Pasé dos días con dolor de cuquita. Aveces me daban ganas de llorar de la nada. Pero se me fue quitando, pasó una semana casi sin verlo, pero al primer llamado del tío caí en sus brazos de nuevo, ahora me desnudaba completamente, me quedaba en cueros y él me llevaba al cielo, con sus besos y caricias, me penetraba y me hacía gozar mucho, tanto que pensaba que todo eso era pecado. Pero ahora me lo hacía utilizando condon, a mi no me gustaba mucho asi. Pero él me decía que era necesario.

Mi tío me fue enseñando varias posiciones sexuales, algunas eran un poco raras para mi, pero en cada una me volvía loca y me corría como una perrita. Yo pensaba que era su mujer, que él era para mi y yo para él. No sé como pero que terminaríamos juntos, que inocente.

En cierta ocasión, ya casi era de noche, encontré que mi tío había bebido, estaba casi borracho, me llamó, me dijo que quería verme, me escabullí y dije alguna mentira para salir de la casa, él me llevó en su auto y en un paraje oscuro nos detuvimos, me comenzó a besar y a decirme que yo era todo para él, que quería divorciarse para casarse conmigo, todo eso me envolvió de amor, y poniéndome de espaldas, sacó un gel que se puso en su pene y en mi colita, me dijo que no me asustara, que era lo que usaba con su esposa, y luego de meterme uno de sus gordos dedos en mi culito, tomo su pene y penetró mi agujerito chiquito, me desfloró mi culito, no fue confortable, de hecho fue muy incomodo, yo no pensaba también que eso pudiera producír placer, pero me clavó todo su falo en mi recto, el estaba como loco cogiéndome, no paraba de meterla y sacarla de mi ano. Esa primera vez no sentí ningún gusto o placer, fue hasta la segunda vez que le fui sintiendo el gusto, en cambio él rápidamente sacaba esperma de su pene cuando me lo hacía por allí.
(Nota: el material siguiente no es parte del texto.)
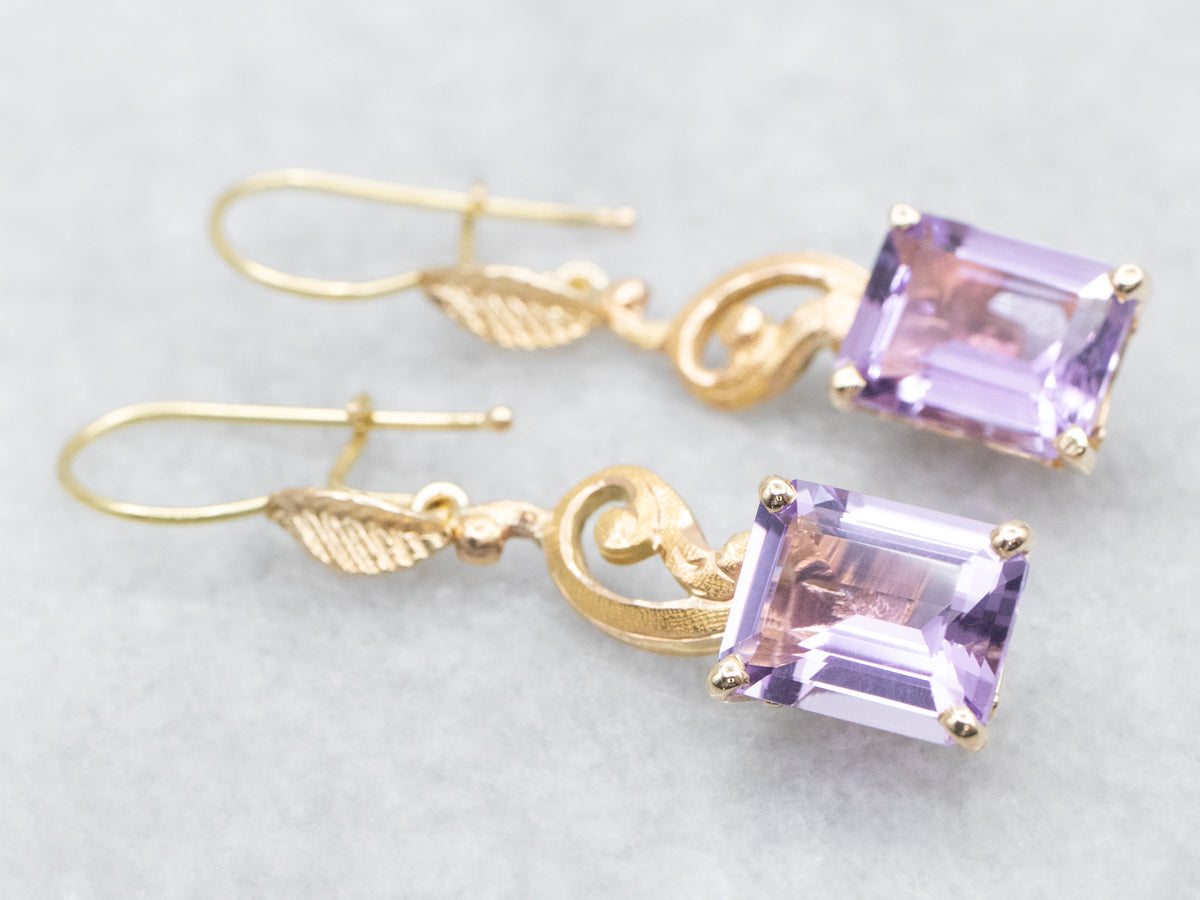 These drop earrings are the perfect splash of drama and elegance! The yellow gold gives the amethyst stone a regal touch, while the emerald cut design turns any outfit into a showstopper. Get ready to be noticed!

En que terminó todo?. Mi tío me hizo suya por más de un año. No se todavía como nadie se dio cuenta de eso. Luego él y mi tía se mudaron, yo al inicio pensé que eso era mejor para los dos, podríamos vernos en otro lado y menos probabilidad de ser sorprendidos. Pero mi tío se olvido rápido de mi, ya no me llamó, ni nada. Hasta que oi una conversación de dos adultos de la familia, conversaban y uno de ellos decía que mi tío Toño tenía una nueva novia. Como dije antes, mi sentimiento hacia con él, ha cambiado durante el tiempo, al principio tristeza, luego cólera y odio, luego comprensión y ahora solo recuerdos muy calientes de todo ese tiempo.